I'm experiencing some strange latency when using IOWR macros. I've added added custom 8-bit slave to QSYS and got huge number of cycles to read/write its registers. I thought that this issue related to some mistakes in my peripherial but then I've tried to read on-chip memory and got the same result!

Here is the code, I'm using performance counter:

int main() { 
PERF_RESET(PERFORMANCE_COUNTER_0_BASE);
PERF_START_MEASURING(PERFORMANCE_COUNTER_0_BASE);
PERF_BEGIN(PERFORMANCE_COUNTER_0_BASE,1);
IORD_8DIRECT(ONCHIP_MEMORY2_0_BASE, PRER_LO);
PERF_END(PERFORMANCE_COUNTER_0_BASE,1);
PERF_BEGIN(PERFORMANCE_COUNTER_0_BASE,2);
IORD_16DIRECT(ONCHIP_MEMORY2_0_BASE, PRER_LO);
PERF_END(PERFORMANCE_COUNTER_0_BASE,2);
PERF_BEGIN(PERFORMANCE_COUNTER_0_BASE,3);
IORD_32DIRECT(ONCHIP_MEMORY2_0_BASE, PRER_LO);
PERF_END(PERFORMANCE_COUNTER_0_BASE,3);
perf_print_formatted_report(PERFORMANCE_COUNTER_0_BASE,50000000,3,"IORD_8","IORD_16","IORD32");
return 0;
}

And what I get:

--Performance Counter Report--
Total Time : 10 usec (532 clock-cycles)
+---------------+-----+------------+---------------+------------+
| Section       |  %  | Time (usec)|  Time (clocks)|Occurrences |
+---------------+-----+------------+---------------+------------+
|         IORD_8|   9 |          1 |            51 |         1  |
+---------------+-----+------------+---------------+------------+
|        IORD_16|   9 |          1 |            50 |         1  |
+---------------+-----+------------+---------------+------------+
|         IORD32|   8 |          0 |            47 |         1  |
+---------------+-----+------------+---------------+------------+

Ok, timer adds some time to this, as I measured, 30 clock cycles. So we have about 20 clock cycles per word, still bad. What could I do wrong?

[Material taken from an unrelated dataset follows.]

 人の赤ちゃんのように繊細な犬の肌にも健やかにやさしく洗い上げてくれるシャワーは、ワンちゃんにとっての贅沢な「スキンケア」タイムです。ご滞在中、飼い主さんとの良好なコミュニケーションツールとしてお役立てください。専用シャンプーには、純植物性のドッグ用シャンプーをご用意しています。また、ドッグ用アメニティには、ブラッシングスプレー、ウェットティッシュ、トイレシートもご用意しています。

I'm using Quartus 15.0 Web Edition and Nios 2 Gen 2 /e.

Altera_Forum · ‎07-08-2015

You will probably find that the performance counters represent considerable overhead. Try reading the registers 10,000 times in one performance counter. Then divide the time by 10,000 to get a result that isn't lost in noise.

Altera_Forum · ‎10-02-2015

Nios 2 /e is a slow processor that required 5 clock cycles minimum to complete 1 instruction.

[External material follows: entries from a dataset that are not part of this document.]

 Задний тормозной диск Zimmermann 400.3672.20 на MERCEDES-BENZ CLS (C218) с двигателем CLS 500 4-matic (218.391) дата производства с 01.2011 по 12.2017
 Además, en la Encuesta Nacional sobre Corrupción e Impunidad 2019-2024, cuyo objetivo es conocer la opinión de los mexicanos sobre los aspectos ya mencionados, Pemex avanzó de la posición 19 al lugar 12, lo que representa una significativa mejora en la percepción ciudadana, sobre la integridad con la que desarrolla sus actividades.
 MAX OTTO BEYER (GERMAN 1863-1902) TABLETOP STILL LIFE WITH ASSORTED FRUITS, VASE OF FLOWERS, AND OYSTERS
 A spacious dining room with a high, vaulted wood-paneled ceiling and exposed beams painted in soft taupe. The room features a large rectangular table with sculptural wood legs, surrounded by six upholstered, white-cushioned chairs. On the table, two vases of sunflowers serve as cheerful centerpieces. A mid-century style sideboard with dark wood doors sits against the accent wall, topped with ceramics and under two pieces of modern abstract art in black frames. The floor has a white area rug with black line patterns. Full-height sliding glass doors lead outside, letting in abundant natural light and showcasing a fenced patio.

The overhead from the performance counter is larger in comparison to the total measured time per IORD instruction (30/50). I agree with Galfonz that you should perform iterations of IORD for more accuracy.

Also try to look at simulations. This would definitely be a better way to understand the behavior of the RTL.